Çatalpınar hafızamda yer eden mekânlardan biri olmuştur.

DÜNDEN BUGÜNE ÇATALPINAR 
Kim demiş bir gidilen yere daha gidilmez diye. Ben gidiyorum. Daha önce üç defa uğradığım bu ilçede bazı dostluklar edindim. Birçok hatıra benimle birlikte yaşayacak. Birçok olaya şahit oldum ve Çatalpınar hafızamda yer eden mekânlardan biri olmuştur.
İlk geldiğim zaman uğradığım mekân Çatalpınar Şehit Onur Tiken Çok Programlı Anadolu Lisesi olmuştu. O zaman Yusuf Öztekin Bey uğradığım okulun müdürüydü. Tokatlı ve aynı zamanda tarihçi de olan Yusuf Öztekin Bey benim Tokat’ın ilçelerini de gezeceğimi duyduğunda bana bir güzergâh çizdi ve ben bu planı hayata geçirerek işim daha da kolay hale geldi. Kendisine teşekkür ederim.
Daha sonra Çatalpınar Kütüphanesine uğramış Songül Okumuş Hanımefendi ile tanıştım. Kütüphaneye basılı eserim olan kitabımı hediye ettim. Tanışıp sohbet ettik. Hatta arkadaş olduk. Songül Okumuş Hanımefendi daha sonra Ünye Kütüphanesine gelince görüşme imkânımız daha çok olmasına rağmen dünya işlerinden dolayı belirli aralıklarla görüşebiliyoruz. Ancak ne zaman Çatalpınar Kütüphanesi önünden geçsem onu hatırlıyorum. 
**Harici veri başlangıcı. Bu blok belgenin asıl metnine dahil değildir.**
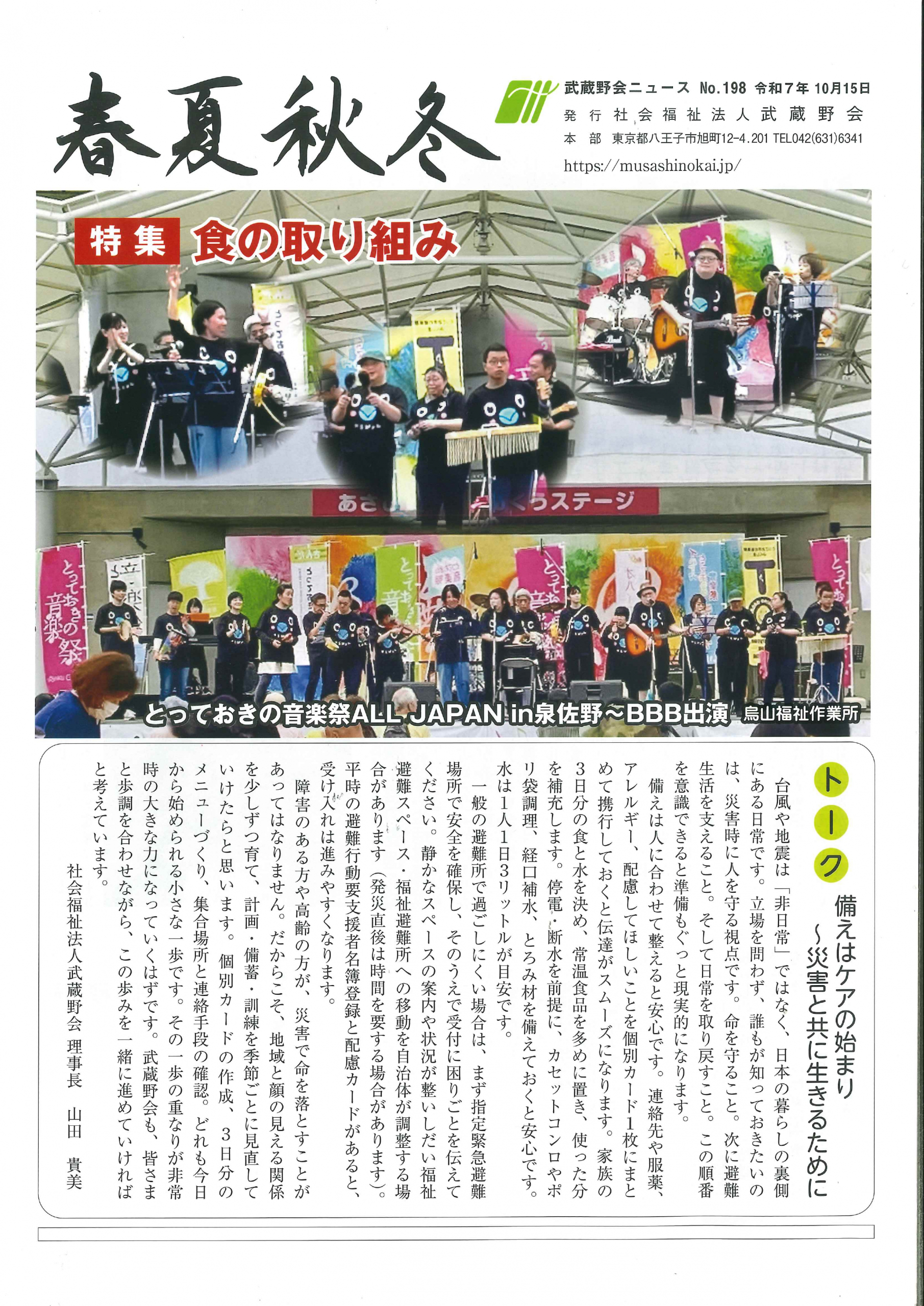 No.198 【特集】食の取り組み/トーク「備えはケアの始まり~災害と共に生きるために」 No.197 【特集】令和6年度事業・決算報告/トーク「逆転しない正義と福祉の姿勢」 No.196 令和7年度法人事業計画 理事長挨拶/トーク「萌ゆる新緑、希望の門出」 No.195 新年のごあいさつ フラワーアレンジメント教室 正月花と/トーク「日本被団協」のノーベル平和賞受賞を機に No.194 文化芸術特集「アートがいっぱい」/トーク「かがくいひろしの世界展」を見て No.193 令和5年度事業・決算報告/「無意識のバイアス」に抗う No.192 令和6年度事業計画(抜粋)/知性の特権化と社会的孤立 No.191 令和6年度 新年のごあいさつ/旧優生保護法をめぐる裁判に関する最高裁の統一判断に注目したい No.190 「未来へのステップ」拡大版ニュースラウンジ/トーク「全国社会福祉法人経営者大会に参加してこれからの福祉課題について考える」 No.189 令和5年度 社会福祉法人武蔵野会事業計画書(概要)/トーク「多くの若い人たちは他者への手助けをしたいと思っている」 No.188 新年のごあいさつ/トーク「「普通の人の思い」を再認識する」 No.187 特集「地域とともに歩む武蔵野会」コロナ禍での地域連携/トーク「多様性の尊重と確証バイアス

Daha sonra yolum İsli Demlik Çay ocağına düşmüştü. İsli Demlik Çay Ocağını Bekir Güney adında biri işletiyordu. İçinde hatırı sayılır kitapların bulunduğu bir işletmeydi ve bir duvar baştanbaşa kitapla doluydu. Zamanın getirdiği şartlar gereği şimdi kapanmış. Ne zaman Çatalpınar’a yolum düşse o çay ocağını da hatırlarım. Tabii Bekir Güney’i de.
Son gidişimde yine İlçe Kütüphanesine uğradım. Her ne Kadar Songül Hanım orada olmasa da mutlaka yerine biri gelmiştir diye düşündüm. İçeri girdiğimde beni zarif bir hanımefendi karşıladı. Tanıştık.  Berna Levent Hanımefendi İlçe Kütüphanesinin yeni görevlisiydi artık. Kısa bir görüşmemiz oldu. Onu kitaplar arasında buldum. Masasının üzerinde olan onlarca kitabın tasnifini ve kaydını yapıyordu belli ki. 
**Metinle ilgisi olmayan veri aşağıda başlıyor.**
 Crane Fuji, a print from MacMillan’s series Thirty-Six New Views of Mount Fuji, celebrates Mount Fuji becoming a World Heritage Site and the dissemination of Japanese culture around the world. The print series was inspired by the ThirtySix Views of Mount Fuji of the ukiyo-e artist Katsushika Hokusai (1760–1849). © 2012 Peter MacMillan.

Kitap ve kitaplarla ilgili herkesi diğer kişilerden farklı görürüm. Emekli bir eğitimci olmamın yanında üç-beş kitap okumuşluğumuz da var. Dolayısı ile yalanı, dolanı olmayan şeylerdi kitaplar. 
Berna Levent Hanım bulunduğu yere çabuk intibak etmiş olduğunu ona bir yeri sorduğumda anladım. Tarif etmenin yanında bana “Size gösterebilirim” dedi. Bu birine olan yardım etmenin en etkili haliydi. Tarif ile fiil aynı şey demek değildir. Her ne kadar tarifinden anlamış olsam dahi ilk defa tanıştığımız birinin misafire davranışı takdire şayandı. Bundan dolayı Berna Levent Hanımefendiye teşekkür ederim.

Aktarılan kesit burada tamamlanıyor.